DOMDocument - markhowellsmead/helpers GitHub Wiki
Append HTML string as node to existing document
Since 9th January 2025, the appendHTML
method no longer converts the incoming HTML to UTF-8. It's assumed that the string already uses this encoding.
<?php
namespace SayHello\Theme\Package;
use DOMDocument as GlobalDOMDocument;
use DOMNode;
/**
* DomDocument stuff
*
* @author Say Hello GmbH <[email protected]>
*/
class DomDocument
{
/**
* Helper function to allow easy adding an
* HTML string to the parent as a child node.
*
* @param DOMNode $parent
* @param string $source
* @return void
*/
public function appendHTML(DOMNode $parent, string $html)
{
$document = new GlobalDOMDocument();
$document->loadHTML($html);
foreach ($document->getElementsByTagName('body')->item(0)->childNodes as $node) {
$node = $parent->ownerDocument->importNode($node, true);
$parent->appendChild($node);
}
}
}
Revising the content of a block's HTML
This version is from 9th January 2025. I added LIBXML_HTML_NOIMPLIED | LIBXML_HTML_NODEFDTD
so that the DomDocument's HTML doesn't contain artificially-added html
and body
tags, which makes the parsing and return a bit cleaner.

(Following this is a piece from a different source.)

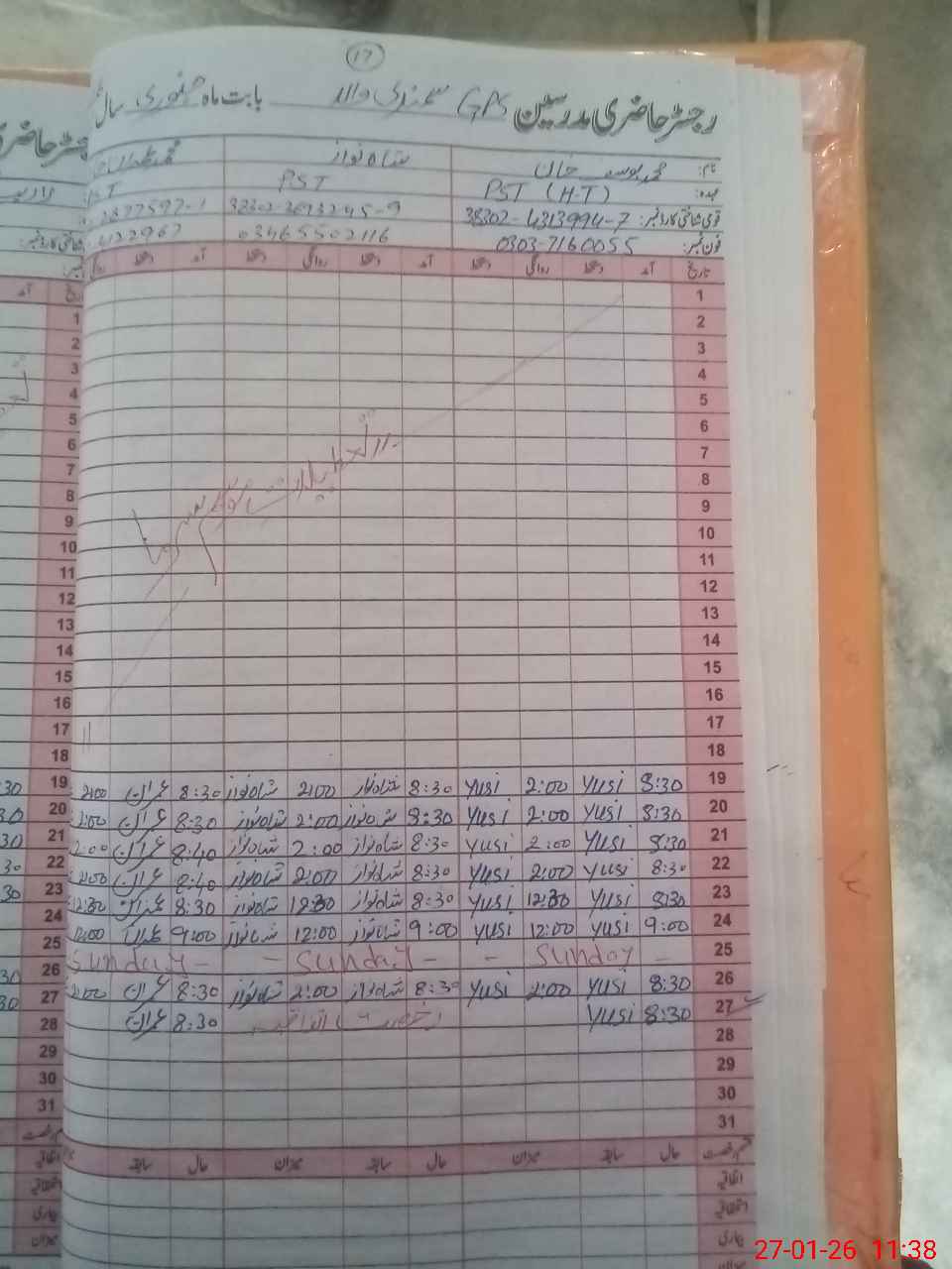 | 38**** | Sh**** Na**** | PST Science/Maths | Regular | 0 | 0 | 0 | 0 | 0 | 0 | 0 | 0 | 0 | Casual |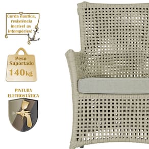 A corda náutica adiciona um toque de rusticidade moderna, enquanto o estofado impermeável garante que sua poltrona esteja sempre impecável, mesmo após uma chuva inesperada ou um acidente com líquidos.

When using this method, make sure that the node search is correct when using $document->documentElement
(in reference to the root element).
When returning the HTML in the event that it has been changed, I've ensured that I remove the prefix '<?xml encoding="UTF-8">'
(which I add in order to ensure maintained correct encoding) from the returned string. This isn't strictly necessary, but ensures that the source code remains clean.
Encoding
Finally, I removed the former method to convert the encoding of the HTML to UTF-8. My projects always use UTF-8, so I've ensured that the function simply doesn't run on HTML strings which are using a different encoding.
<?php
namespace PT\MustUse\Blocks\CoreImage;
use DOMDocument;
use DOMXPath;
class Block
{
public function run()
{
add_filter('render_block_core/image', [$this, 'render'], 10, 2);
}
public function render($html, $block)
{
if (empty($html) || !mb_detect_encoding($html, 'UTF-8', true)) {
return $html;
}
if (strpos($block['attrs']['className'] ?? '', 'is-style-webcam') === false) {
return $html;
}
libxml_use_internal_errors(true);
$document = new DOMDocument();
$document->loadHTML('<?xml encoding="UTF-8">' . $html, LIBXML_HTML_NOIMPLIED | LIBXML_HTML_NODEFDTD);
$xpath = new DOMXPath($document);
$nodeList = $xpath->query('//img');
foreach ($nodeList as $node) {
$new_src = $node->getAttribute('src') . (parse_url($node->getAttribute('src'), PHP_URL_QUERY) ? '&' : '?') . 'force=' . rand(1, 1000000);
$node->setAttribute('src', $new_src);
}
libxml_clear_errors();
return str_replace('<?xml encoding="UTF-8">','', $document->saveHTML());
}
}